'Volunteers in Medicine' misses the target
Volunteers will staff facility in El Cajon
By Anne Krueger
San Diego Union-Tribune
May 2, 2005
Almost four years after Dr. Gresham Bayne of Point Loma heard the pitch for a clinic staffed by volunteer physicians, the medical facility is close to becoming a reality.
Bayne said the clinic will serve thousands of El Cajon residents who can’t afford medical insurance but earn too much to qualify for low-income medical programs such as Medi-Cal.
The clinic will be the first in California to be opened by Volunteers in Medicine, a national organization that works to bring together retired health professionals and patients who don’t have medical insurance. Since 1993, when the group opened its first clinic in Hilton Head Island, S.C., 31 clinics have been set up nationwide.

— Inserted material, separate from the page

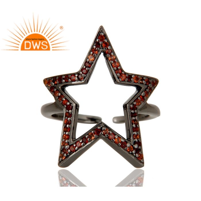 ดาวรูปร่างสีดำออกซิไดซ์925เครื่องประดับเงินสเตอร์ลิงผู้ค้าส่งพลอยโกเมนออกแบบ Midi แหวนหมั้นผู้ผลิตเครื่องประดับ

John Hughes, who heads social service programs for San Diego County Methodist churches, said patients at the clinic will receive “Nordstrom-quality care.” When they arrive, they will be welcomed by a greeter. All services, including medications, are provided at no cost.
Bayne said opponents were concerned the clinic would attract homeless people to the area. He said all new patients will be screened by a social worker to determine whether they are eligible for care, and homeless people will be referred to community clinics.
“We don’t anticipate seeing homeless people except once by mistake,” he said.
http://www.signonsandiego.com/news/metro/20050502-9999-1m2vols.html
Comment: What was that again? Free Nordstrom-quality care but not for those as needy as the homeless?
Apparently the founders of this clinic acknowledge that community clinics should fulfill the role of providing services to the needy, as long as they’re the homeless type. Also they would probably agree that higher-income individuals, insured or not, should receive their care in the private sector. So what is their targeted patient population? Nordstrom-quality health care shoppers who happen to be uninsured? Is there really a sector of individuals who cannot afford private care, but who are of a social class that shouldn’t stoop to utilizing community clinics when private charity can enable access to Nordstrom-quality care?
As with so many other well intentioned efforts, it appears that these individuals have designed a solution without adequately defining the problems. Community clinics already exist and provide a safety-net access to at least basic care for the uninsured who cannot afford private services. We do not need special clinics that are designed to serve an elite sector of the uninsured. Instead, we need to enact policies that would ensure that everyone has insurance.
A proper framing of the problem would lead to solutions that would restructure the way that we fund health care. The obvious solution is universal health insurance. This would not only address the problems of the elite uninsured, it would also ensure that community clinics are adequately funded so that they can provide more comprehensive services in those communities that fail to attract an adequate number of private sector providers.
Let’s get real about fixing our broken system of funding health care. We can begin by first understanding the problems.